“Wine before pregnancy ‘changes baby’s face’”

Welcome to another entry in our new Panic Headlines series. Today we’re going to tackle prenatal alcohol usage and child face shape, and induced labor and IQ.

A few weeks ago we had this headline in The Telegraph. The first sentence of the article does not disappoint: “Drinking just one small glass of wine a week in the three months before pregnancy may alter the face of your child, a study suggests.” The author follows up with this: “Scientists caution that the face acts as a ‘health mirror’ and the findings could indicate some deeper health issues…”

The study on which this is based appeared in the journal Human Reproduction. In short, the authors use data from a study called the Generation R Study, run in the Netherlands. In it, about 10,000 women are asked many pregnancy questions — including about alcohol consumption before and during pregnancy — and there are a lot of measurements taken of their children. For the purposes of this particular study, they use 3-D face images of children at ages 9 and 13.

The authors generate 200 face measurements (“traits”). They then analyze the relationship between these traits and prenatal alcohol exposure, including both drinking during pregnancy and before pregnancy. They find that, at age 9, several traits are significantly associated with prenatal alcohol exposure, including with pre-pregnancy exposure.

To understand what I see as the key problem with this paper, it is important to understand what we mean by “significant.” You’ll often see papers talk about a result being “significant at the 5% level.” Colloquially, people think of this as meaning the result is real or correct — this is how you know the result is to be believed.

However: there is a formal meaning here. A p-value of 5% means that if the true effect was zero, only 5% of the time would you expect to see an effect of this size. Put differently: imagine a setting in which a treatment had no effect on the outcome. If you analyzed the relationship with 100 different samples, 5% of the time you’d expect to get a significant relationship, just by chance. This is because of how sampling works.

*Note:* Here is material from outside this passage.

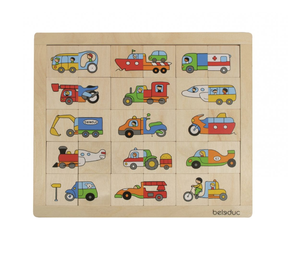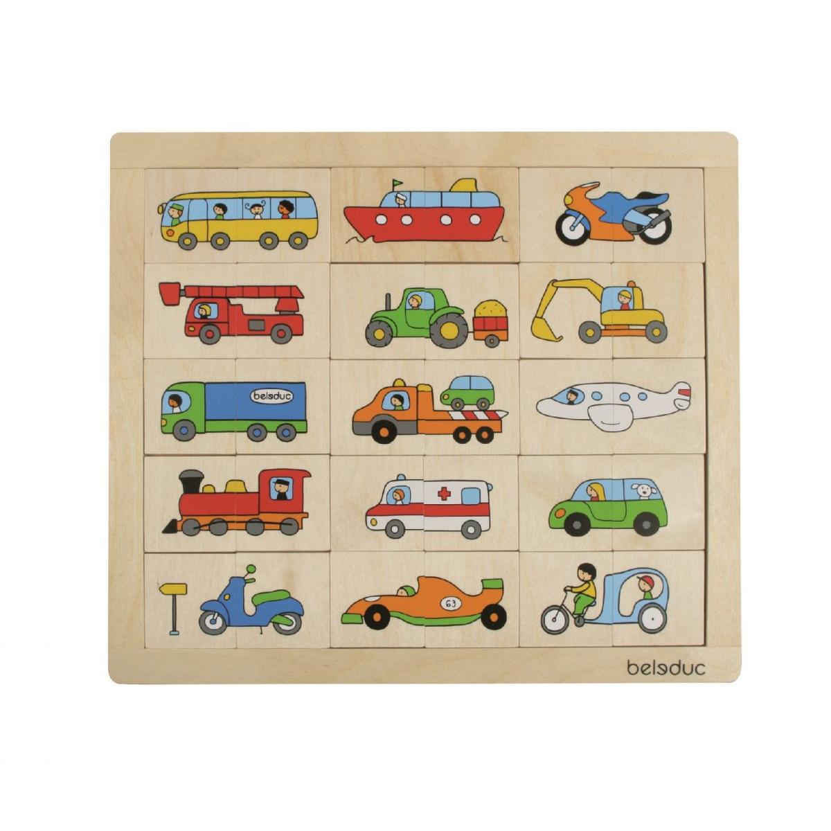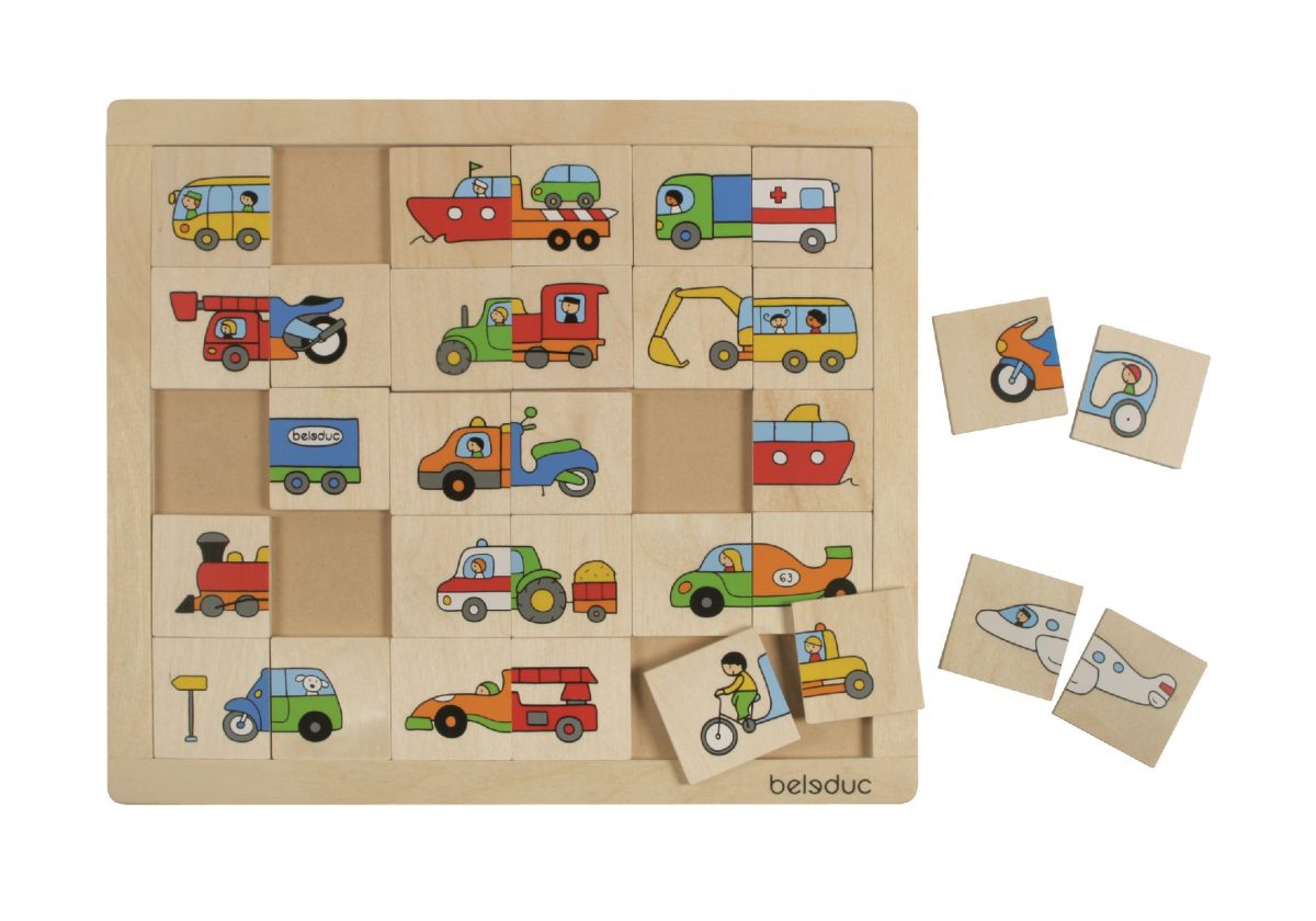 Drvena slagalica za najmlađe omogućavava različite načine igre: pronađi drugu polovicu para / pomiješaj dijelove i složi autić / igranje memory igre.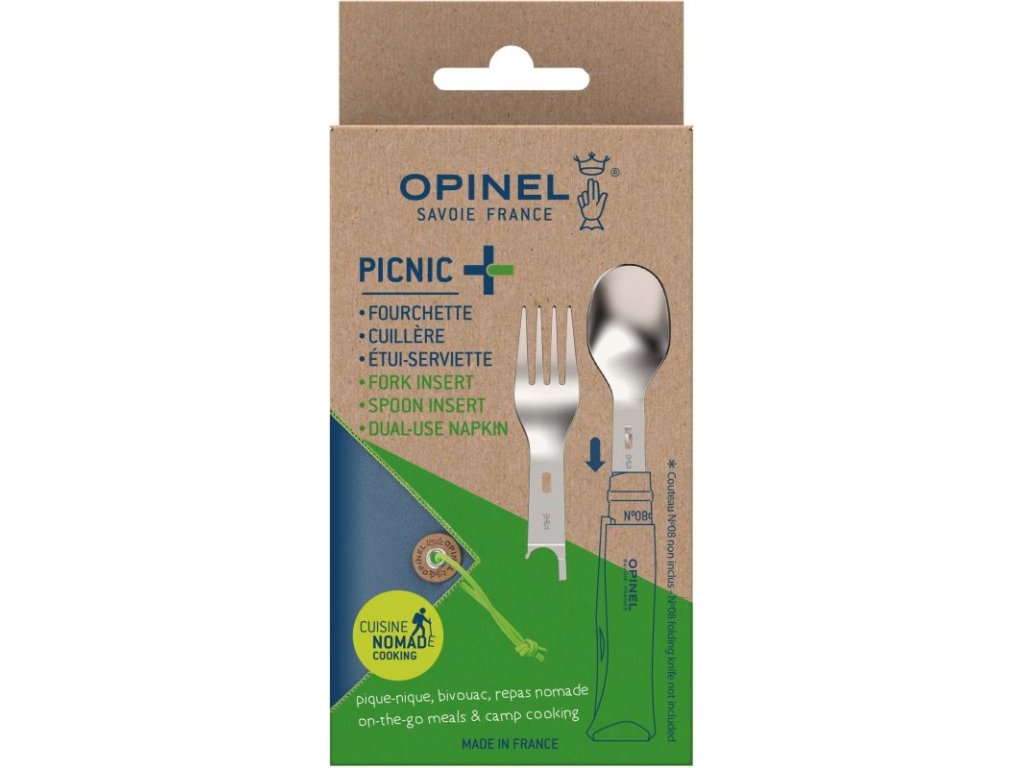 Van Opinel N°08 zsebkésed, és nem tudsz nélküle élni? Mit szólnál hozzá, ha kiegészítenéd egy okosan kitalált, könnyű és kompakt kiegészítővel – kompatibilis rozsdamentes acél kanállal és villával? A mikroszálas szalvétával együtt csomagolva elengedhetetlen útitársakká válnak utazásaid és kempingezéseid során.

This is relevant here. Imagine that, in reality, there were no differences across groups in their facial features. However: if we study 200 different features, we’ll expect to see at least 10 of them where a relationship is significant at the 5% level. Just by chance.

The authors know this, of course, and they run a standard adjustment for multiple hypothesis testing. But such adjustments are somewhat ad hoc, and there remains the real concern that when you look at so many different outcomes, across multiple age groups, you’re bound to find something.

Given this concern, it’s important to look for evidence of consistency in the results. If we were consistently seeing one facial feature jump out, across age groups and variations in the analysis, this would provide added confidence.

In fact, the results are all over the place. A few examples…

They run analysis that relies on a binary measure of alcohol exposure and analysis that relies on a continuous measure of exposure. The two analyses pick up different facial features, making it look like drinking at all affects one thing, but drinking more affects something else (and not the first thing).
The effects only show up at age 9, not at age 13.
The data includes multiple ethnic groups. When they limit to only those of Dutch nationality, the effects are not only less significant but also different facial features show up.
There are a set of facial traits that are associated with exposure before pregnancy. However, some of these do not show up for babies who are also exposed during pregnancy. For this to hang together, it must be that the exposure during pregnancy somehow cancels out the exposure before.

This is all challenged as well by the fact that there is no theory behind it. There are reasons to think that heavy alcohol exposure during pregnancy could change face shape, but it is unclear by what biological mechanism exposure before pregnancy would matter.

In the end, this paper feels like a data-mining exercise. There is nothing consistent to hang our hat on. It’s scare-mongering by way of a version of p-hacking. Bad!